Damals hatte der Freistaat den ehemaligen Praktiker-Baumarkt an der B 172 gekauft und ihn als Erstaufnahmeeinrichtung für Flüchtlinge umgebaut. In der Folge kam es zu massiven Protesten, die in teils schweren Ausschreitungen gipfelten. Flaschen und Steine flogen, auch illegale Feuerwerkskörper wurden gezündet und in Richtung der Einsatzkräfte geworfen. Dank zahlreicher Videoaufnahmen, die zum Teil auch von den Einsatzkräften selbst gefertigt worden waren, konnte ein Großteil der Täter identifiziert werden. Dutzende Gerichtsverfahren wegen Landfriedensbruch, Körperverletzung, oder Widerstand gegen Vollstreckungsbeamte sind dazu schon gelaufen.

Inzwischen kristallisierte sich heraus, dass die Proteste keine Spontanhandlung besorgter Bürger waren, sondern offensichtlich gezielte Handlungen eines rechtsextremen Netzwerks. Zu diesem will Philipp W. aber nicht gehören. Vor Gericht erklärt er, am 21. und 22. August allein nach Heidenau gefahren zu sein. Zwar stehe er politisch schon auf der rechten Seite, sagt er weiter, jedoch mache ihn das nicht automatisch zum Straftäter. Verabredungen mit Gleichgesinnten habe es ebenfalls nicht gegeben. Dass er am 21. August 2015 Zettel mit dem Aufruf zu einer Blockade verteilt haben soll, bestreitet er ebenso, wie eine Beteiligung an den Übergriffen auf die Polizei. Videoaufnahmen, die ihn einer konkreten Tat überführen, gibt es nicht. Nur solche, die ihn inmitten einer gewalttätigen Gruppe zeigen. Für den Folgetag sieht es aber anders aus. Da ist auf einigen Aufnahmen zu sehen, wie Philipp W. von den Laderampen des Real-Marktes aus einen Angriff auf Polizeibeamte anführte. Auch ist erkennbar, wie er einen Teil der Baustellenabsperrung hinter sich her zieht und sie später auch wirft. Auf einem Handyvideo, das der Angeklagte selbst gemacht hatte, ist zu hören, wie er anderen Gewalttätern „Eh, kommt doch mal weiter vor“ zuruft.

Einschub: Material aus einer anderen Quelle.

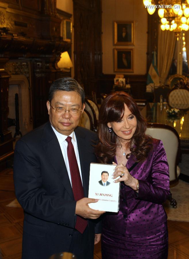 Zhao Leji (L), head of the Organization Department of the Communist Party of China (CPC) Central Committee and a member of the Political Bureau of the CPC Central Committee, meets with Argentina's President Cristina Fernandez in Buenos Aires, Argentina, on May 6, 2015. Zhao Leji is on an official visit to Argentina from May 6 to 8. (Xinhua/Ye Shuhong)

Nach Vorführung des Videomaterials bestreitet Philipp W. das alles nicht. Jedoch bleibt er weiterhin dabei, lediglich als eine Art Mitläufer gewesen zu sein. Das sei dumm gewesen, gibt er heute zu Protokoll. „Ich habe halt nicht groß darüber nachgedacht.“ Obwohl ihm nicht nachgewiesen werden kann, dass er bei den Ausschreitungen tatsächlich jemanden verletzt hatte, kommt der vorbestrafte Pirnaer nicht ungeschoren davon. Wegen versuchter gefährlicher Körperverletzung und Widerstands gegen Vollstreckungsbeamte wird er zu einer Freiheitsstrafe von 18 Monaten auf Bewährung verurteilt.